:: Data ::
◇ ◇ ◇ ◇ ◇ ◇ ◇
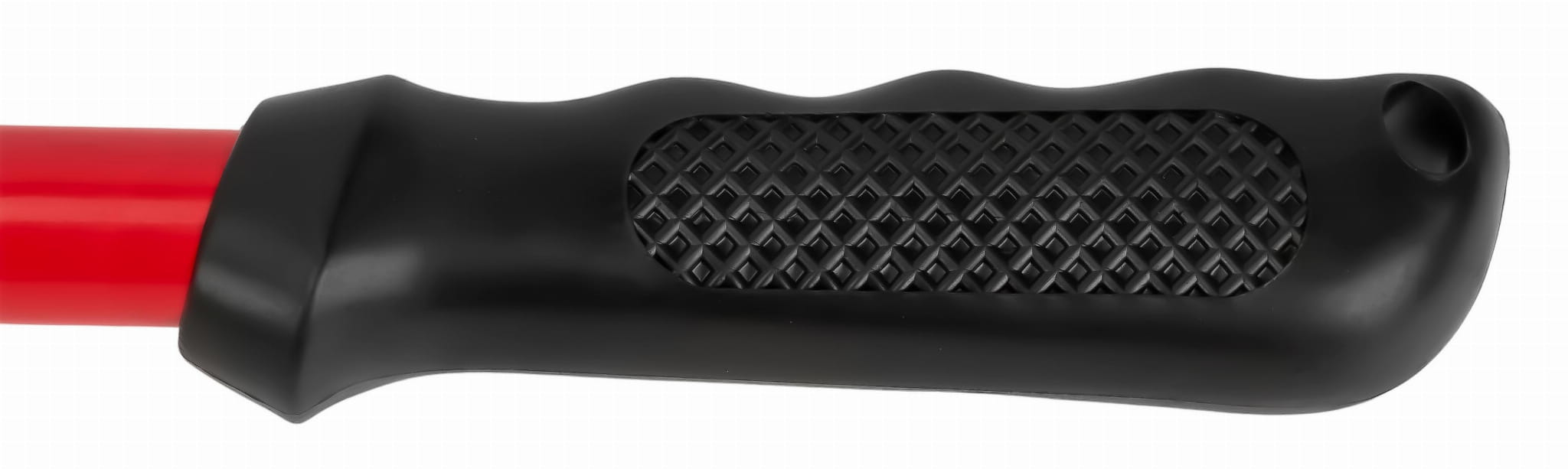 Gumowa powłoka rękojeści zwiększa tarcie między dłonią a narzędziem, co ma szczególne znaczenie przy pracy w rękawicach lub w warunkach wilgotnych. Ergonomiczne ukształtowanie uchwytu pozwala na pewne trzymanie narzędzia przez dłuższy czas bez nadmiernego zmęczenia.
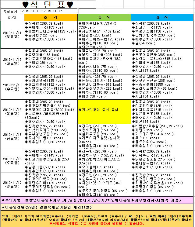 *2019년 11월 4일~11월 10일 식단표*
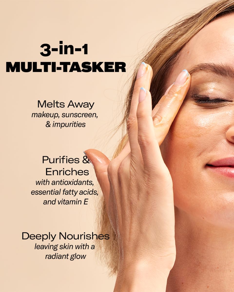 CLEANSING & NOURISHING: Our sorbet soft cleansing balm and makeup remover rapidly works to wash away all traces of long-wear formulas and water-resistant sunscreens, while gently removing excess oils and impurities. Oil Cleanser that dissolves makeup and sunscreen, while nourishing your skin.
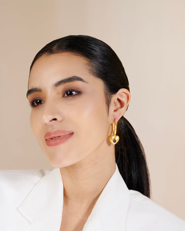 Bold yet subtle, these hoop earrings effortlessly elevate your look. Featuring a central Amethyst stone, these heart-shaped hoops are crafted in 925 Sterling Silver with matte 18K gold plating and rhodium plating. Perfect for any occasion, they combine minimalist elegance with a striking statement. The detachable design lets you transform the earrings into a charm or necklace, offering versatile styling options.
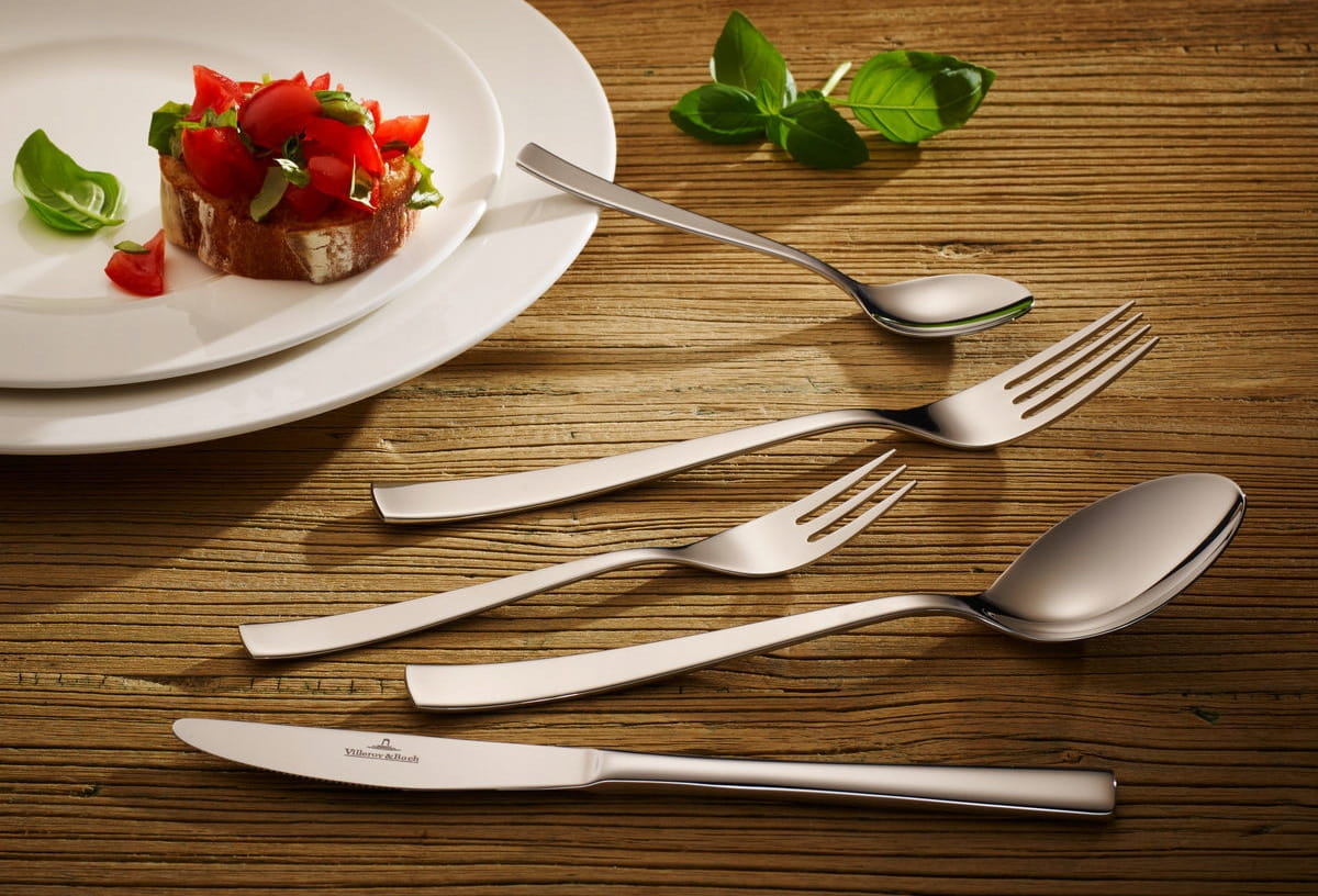 Sztućce Villeroy & Boch wykonane są ze stali nierdzewnej 18/10. Oznacza to 18% chromu i 10% niklu. Te kompozycje są bardziej odporne na korozję niż inne stopy i można je myć w zmywarce.
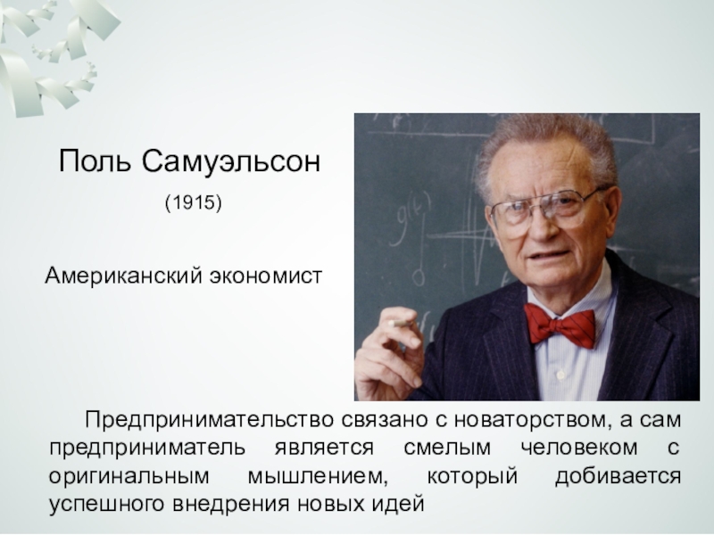 Предпринимательство связано с новаторством, а сам предприниматель является смелым
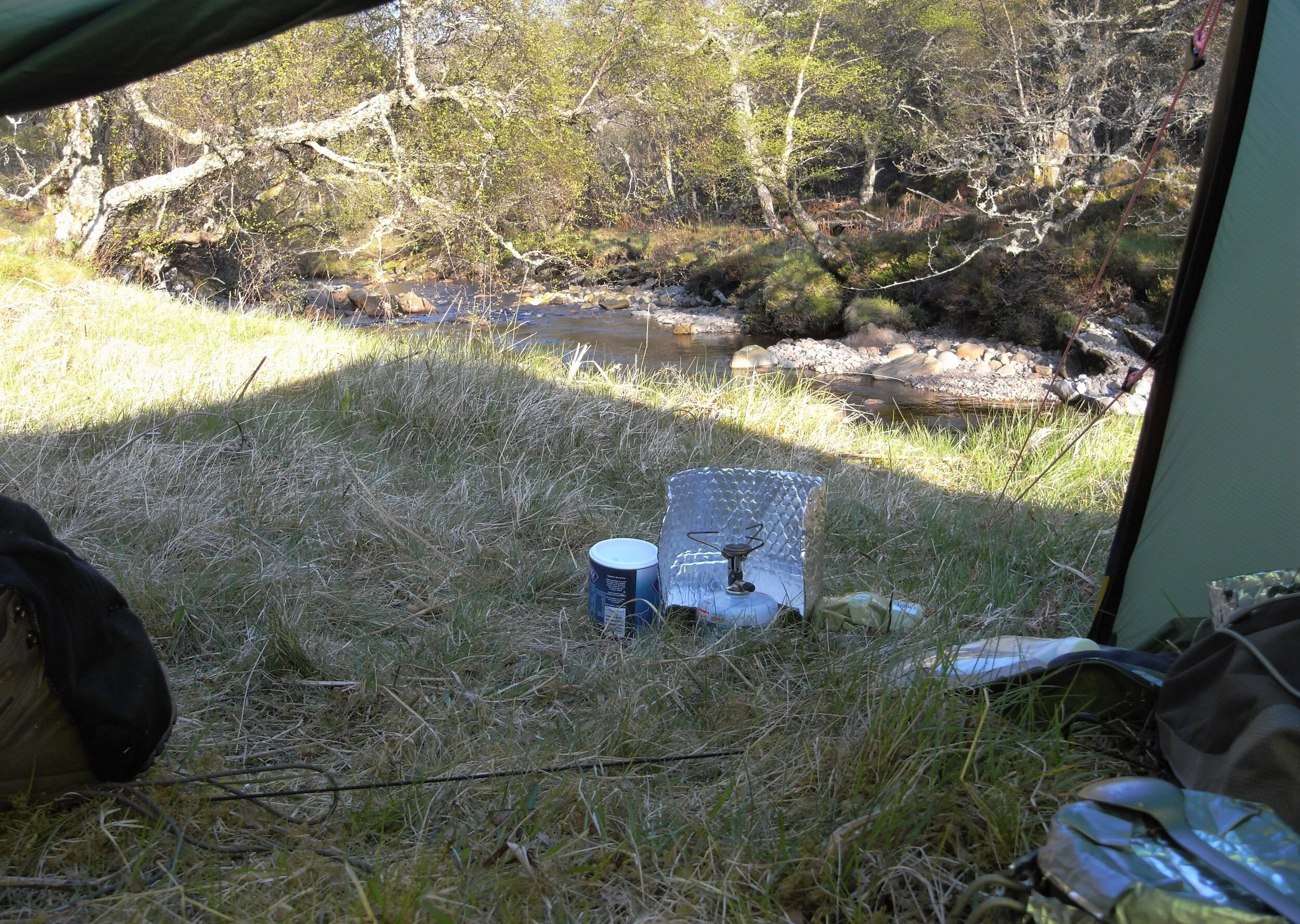 Dinner followed by cake which I’d bought in Kinloch Rannoch made things seem better. This had been another day of brilliant sunshine and a strong east wind, and my log notes that it was my first complete day with dry feet.
◇ ◇ ◇ ◇ ◇ ◇ ◇
:: Assignment ::
When you reach the line holding "4일~11월 10일 식단표*" in the listing above, begin retyping exactly, and stop once the line holding "Bold yet subtle, these" is done; pictures stay out.

:: Exercise response ::
 *2019년 11월 4일~11월 10일 식단표*
 CLEANSING & NOURISHING: Our sorbet soft cleansing balm and makeup remover rapidly works to wash away all traces of long-wear formulas and water-resistant sunscreens, while gently removing excess oils and impurities. Oil Cleanser that dissolves makeup and sunscreen, while nourishing your skin.
 Bold yet subtle, these hoop earrings effortlessly elevate your look. Featuring a central Amethyst stone, these heart-shaped hoops are crafted in 925 Sterling Silver with matte 18K gold plating and rhodium plating. Perfect for any occasion, they combine minimalist elegance with a striking statement. The detachable design lets you transform the earrings into a charm or necklace, offering versatile styling options.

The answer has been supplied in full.